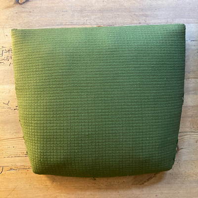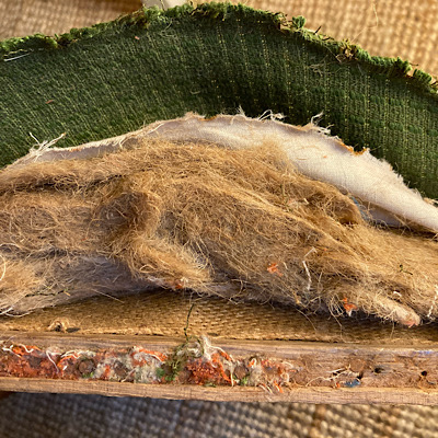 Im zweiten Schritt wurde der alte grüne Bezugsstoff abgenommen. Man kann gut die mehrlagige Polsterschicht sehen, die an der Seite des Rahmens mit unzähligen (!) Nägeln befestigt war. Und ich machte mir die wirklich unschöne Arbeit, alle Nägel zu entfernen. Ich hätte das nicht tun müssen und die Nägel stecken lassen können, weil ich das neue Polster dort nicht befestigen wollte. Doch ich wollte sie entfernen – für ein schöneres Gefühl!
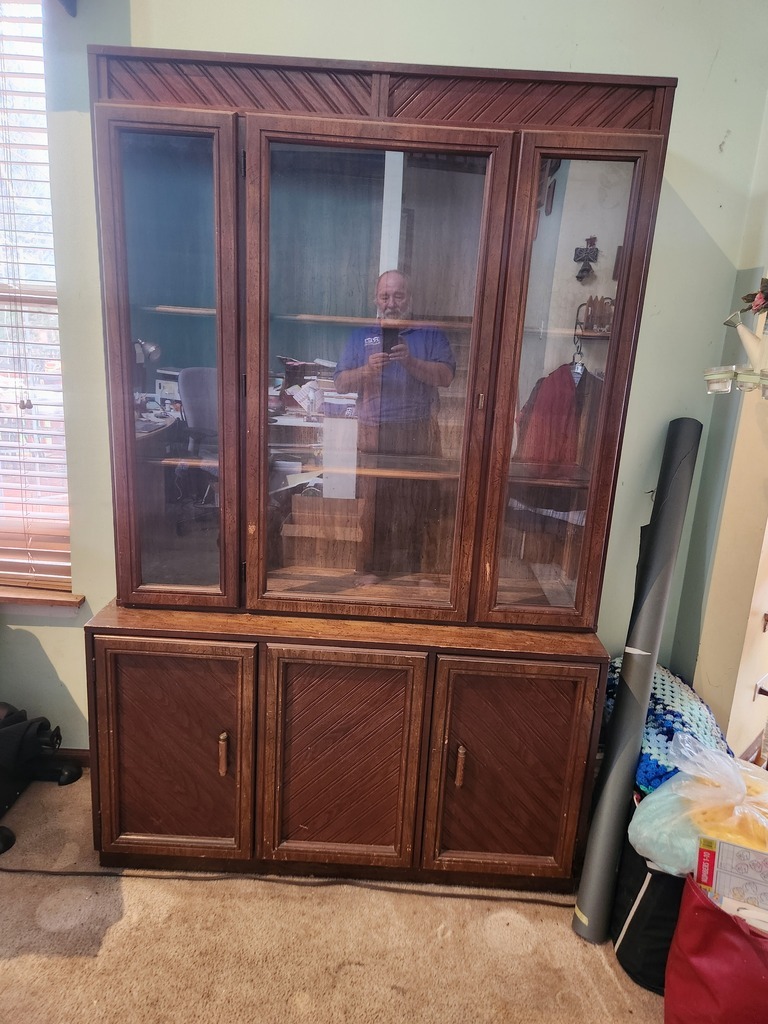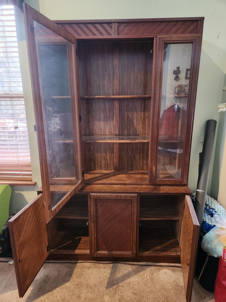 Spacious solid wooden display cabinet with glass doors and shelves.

● ● ● ●

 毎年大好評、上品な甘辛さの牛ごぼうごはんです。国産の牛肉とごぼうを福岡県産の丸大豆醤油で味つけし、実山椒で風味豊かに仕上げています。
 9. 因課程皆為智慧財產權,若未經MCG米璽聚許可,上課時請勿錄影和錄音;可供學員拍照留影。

● ● ● ●

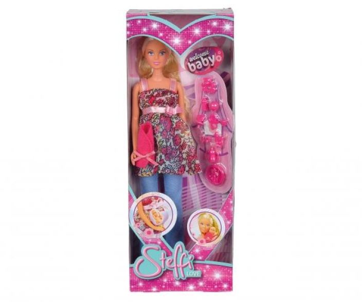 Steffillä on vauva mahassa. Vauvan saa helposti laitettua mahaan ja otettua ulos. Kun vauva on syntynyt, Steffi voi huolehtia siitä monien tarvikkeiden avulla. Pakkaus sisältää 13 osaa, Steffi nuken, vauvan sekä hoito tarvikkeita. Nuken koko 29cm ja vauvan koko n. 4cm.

● ● ● ●

● **AIM OF THE TASK**
For this exercise, return exactly the lines above from the line with "Im zweiten Schritt" through the line with "Spacious solid wooden", both included. Do not copy the pictures.

● **RESULT OF THIS EXERCISE**
 Im zweiten Schritt wurde der alte grüne Bezugsstoff abgenommen. Man kann gut die mehrlagige Polsterschicht sehen, die an der Seite des Rahmens mit unzähligen (!) Nägeln befestigt war. Und ich machte mir die wirklich unschöne Arbeit, alle Nägel zu entfernen. Ich hätte das nicht tun müssen und die Nägel stecken lassen können, weil ich das neue Polster dort nicht befestigen wollte. Doch ich wollte sie entfernen – für ein schöneres Gefühl!
 Spacious solid wooden display cabinet with glass doors and shelves.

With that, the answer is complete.